**Information supplied**:
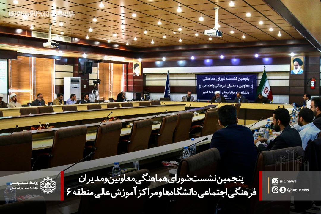 با حضور رئيس دانشگاه صنعتي اصفهان، پنجمين نشست شوراي هماهنگي معاونين و مديران فرهنگي اجتماعي دانشگاه ها و مراكز آموزش عالي منطقه 6 كشور، صبح امروز در مجتمع فرهنگي آموزشي ارديبهشت دانشگاه صنعتي اصفهان برگزار شد.
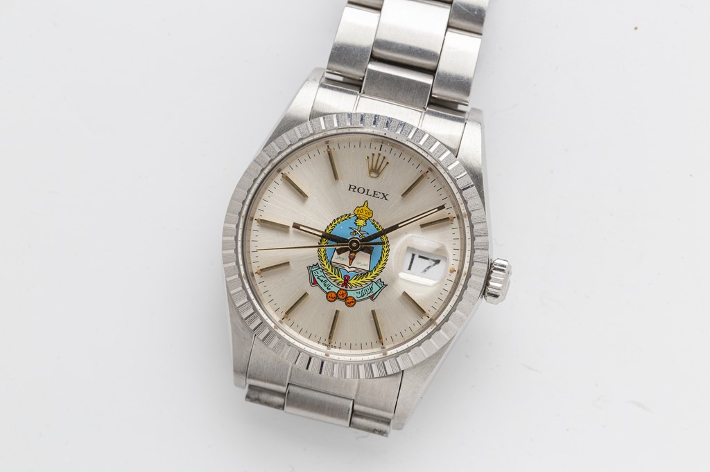 サウジアラビア軍関連の学校別注で作られたと思われるデイトジャスト。紋章を中央に大きくプリントするため、ロレックスの表記以外何も文字が入らないという異色のダイアルだが、この紋章のものは全てこのように施されている。
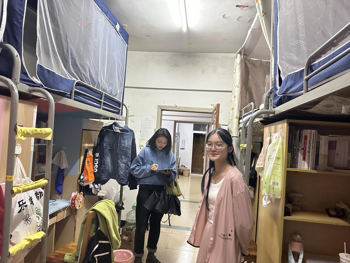 公寓管理委员会与心理健康协会的学生干部走访寝室
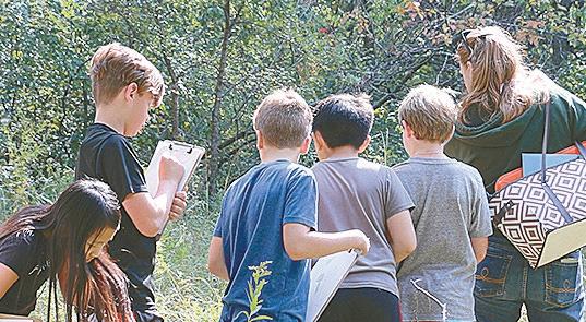 Vadnais Heights Elementary fifth graders and experts from Tamarack Nature Center explore the Bears Backyard Classroom and use clues found in nature to determine how many different types of plants, insects and animals call their outdoor classroom home.

**Work item**: Repeat only the lines from the one with "サウジアラビア軍関連の学校別" through the end of the data, both included and exactly as written. Pictures stay out of the copy.

**Output**:
 サウジアラビア軍関連の学校別注で作られたと思われるデイトジャスト。紋章を中央に大きくプリントするため、ロレックスの表記以外何も文字が入らないという異色のダイアルだが、この紋章のものは全てこのように施されている。
 公寓管理委员会与心理健康协会的学生干部走访寝室
 Vadnais Heights Elementary fifth graders and experts from Tamarack Nature Center explore the Bears Backyard Classroom and use clues found in nature to determine how many different types of plants, insects and animals call their outdoor classroom home.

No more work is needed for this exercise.